Requirement: Repeat every line of the listing below exactly, minus the pictures.
START Given information
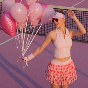 - Sporty-chic: Kalila + chân váy Pickleball Reese + sneaker trắng
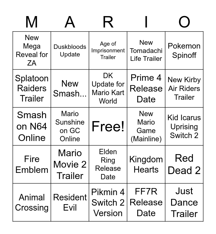 This bingo card has a free space and 24 words: Mario Movie 2 Trailer, Resident Evil, DK Update for Mario Kart World, Animal Crossing, Pokemon Spinoff, New Mega Reveal for ZA, Splatoon Raiders Trailer, Duskbloods Update, New Mario Game (Mainline), Elden Ring Release Date, Prime 4 Release Date, Smash on N64 Online, Kingdom Hearts, Red Dead 2, New Smash..., FF7R Release Date, Kid Icarus Uprising Switch 2, Age of Imprisonment Trailer, New Kirby Air Riders Trailer, Mario Sunshine on GC Online, Just Dance Trailer, Fire Emblem, New Tomadachi Life Trailer and Pikmin 4 Switch 2 Version.
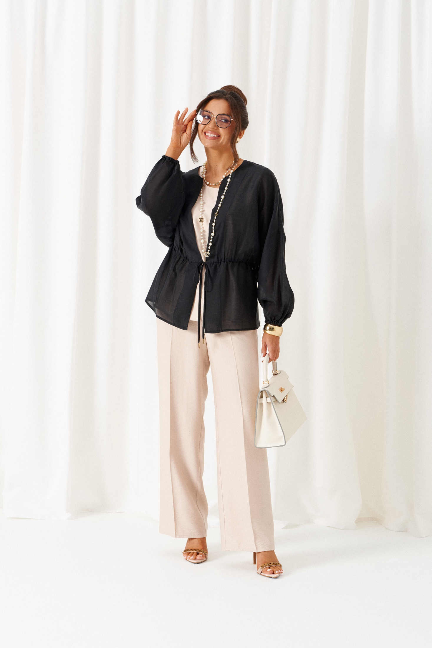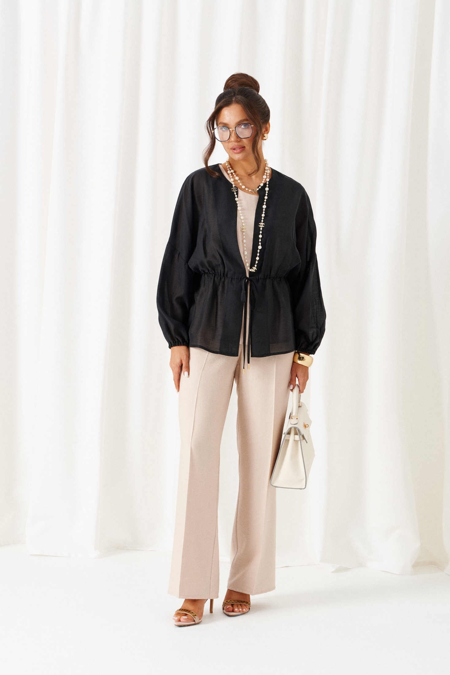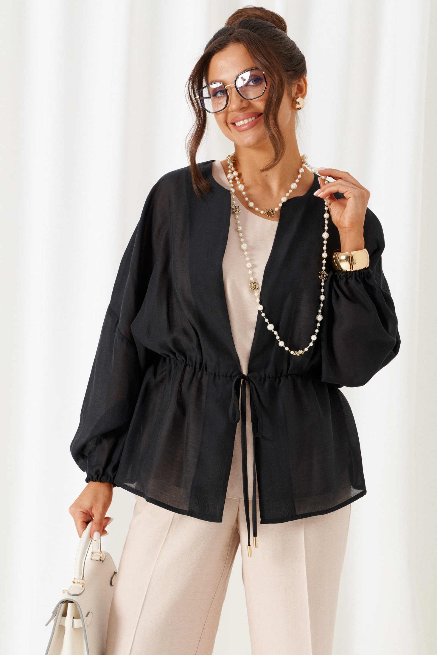 Костюм брючный 6448 бежево-черный Beautiful&Free — это идеальное решение для повседневного гардероба. Коллекция бренда Beautiful&Free предлагает стильную и комфортную тройку, состоящую из блузки, брюк и топа. Изделия выполнены из смесовой ткани с добавлением натуральных волокон, обеспечивая дышащий эффект и комфорт на протяжении всего дня. Блузка-жакет из вуали обладает свободным силуэтом и фиксируется по талии на завязки, добавляя утонченности. Брюки прямого кроя с классической посадкой и двумя боковыми карманами, дополнены центральной застежкой на молнию и пуговицу. Топ полуприлегающего силуэта завершает образ. Цветовая гамма сочетает в себе бежевые и черные тона, подходящие для любого времени года. Длина по спинке блузки составляет 68 см, топа — 62,5 см, а брюки достигают 108 см по боковому шву.
END Given information
Answer section:
 - Sporty-chic: Kalila + chân váy Pickleball Reese + sneaker trắng
 This bingo card has a free space and 24 words: Mario Movie 2 Trailer, Resident Evil, DK Update for Mario Kart World, Animal Crossing, Pokemon Spinoff, New Mega Reveal for ZA, Splatoon Raiders Trailer, Duskbloods Update, New Mario Game (Mainline), Elden Ring Release Date, Prime 4 Release Date, Smash on N64 Online, Kingdom Hearts, Red Dead 2, New Smash..., FF7R Release Date, Kid Icarus Uprising Switch 2, Age of Imprisonment Trailer, New Kirby Air Riders Trailer, Mario Sunshine on GC Online, Just Dance Trailer, Fire Emblem, New Tomadachi Life Trailer and Pikmin 4 Switch 2 Version.
 Костюм брючный 6448 бежево-черный Beautiful&Free — это идеальное решение для повседневного гардероба. Коллекция бренда Beautiful&Free предлагает стильную и комфортную тройку, состоящую из блузки, брюк и топа. Изделия выполнены из смесовой ткани с добавлением натуральных волокон, обеспечивая дышащий эффект и комфорт на протяжении всего дня. Блузка-жакет из вуали обладает свободным силуэтом и фиксируется по талии на завязки, добавляя утонченности. Брюки прямого кроя с классической посадкой и двумя боковыми карманами, дополнены центральной застежкой на молнию и пуговицу. Топ полуприлегающего силуэта завершает образ. Цветовая гамма сочетает в себе бежевые и черные тона, подходящие для любого времени года. Длина по спинке блузки составляет 68 см, топа — 62,5 см, а брюки достигают 108 см по боковому шву.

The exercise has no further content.